Although initially welcomed, their subsequent reception varied. In 14th century Ragusa (Dubrovnik) they were free citizens (albeit low on the social scale), while in Kosovo, Moldavia and Wallachia they were enslaved. The emergence of the nation state in the 16th century brought widespread intolerance.6 France and England barred them entry and Sweden, Denmark and Portugal expelled them. Throughout the 17th century, punitive policies were widely adopted, such as restrictions upon trade and shelter, prohibition of traditional dress or the speaking of Romani, and restrictions on Roma gatherings. Penalties included death and corporal punishment.

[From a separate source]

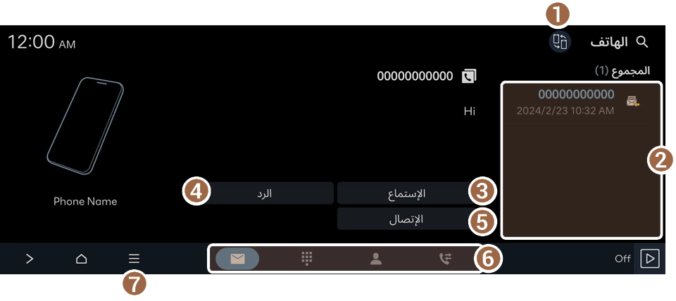 - عند اتصال هاتف iPhone بالنظام، تكون هناك بعض القيود عند استلام الرسائل على النحو التالي:

In the 18th century punishments continued on the basis of ethnicity. In Austro-Hungary, Roma children were taken from their parents and brought up by other families, a practice that continued in some countries until the 20th century.7

The 19th century saw an improvement in their treatment in most of Europe, with abolition of slavery and granting of legal rights. The latter part of the 19th and the early 20th centuries, however, were characterised by the theories of eugenics that contributed to the extermination of half a million Roma in Nazi camps.8

Conditions improved in much of Europe in the postwar period although some countries encouraged or compelled Roma families to settle and segregated education denied learning opportunities. The collapse of communism had major implications for the Roma population, with an upsurge in racist attacks, often with semi-official sanction, in states experiencing re-emergent nationalism.

Roma health is thought to lag behind that of majority populations, with some studies suggesting a fourfold increase in infant mortality and a 10 year deficit in life expectancy9 but research on the health of the Roma is limited and difficult to access.6This paper seeks to advance this issue by examining in detail published research on the health of the Roma population that is accessible to the international community.

This presents challenges. The paucity of literature limits the scope for international comparison, and the small number of active researchers means that, for many countries, no information is accessible. Differences in terminology are problematic; the term traveller, used in the United Kingdom, is unfamiliar in countries where the Roma population is largely settled. “Traveller” also includes non-Roma people who have itinerant lifestyles.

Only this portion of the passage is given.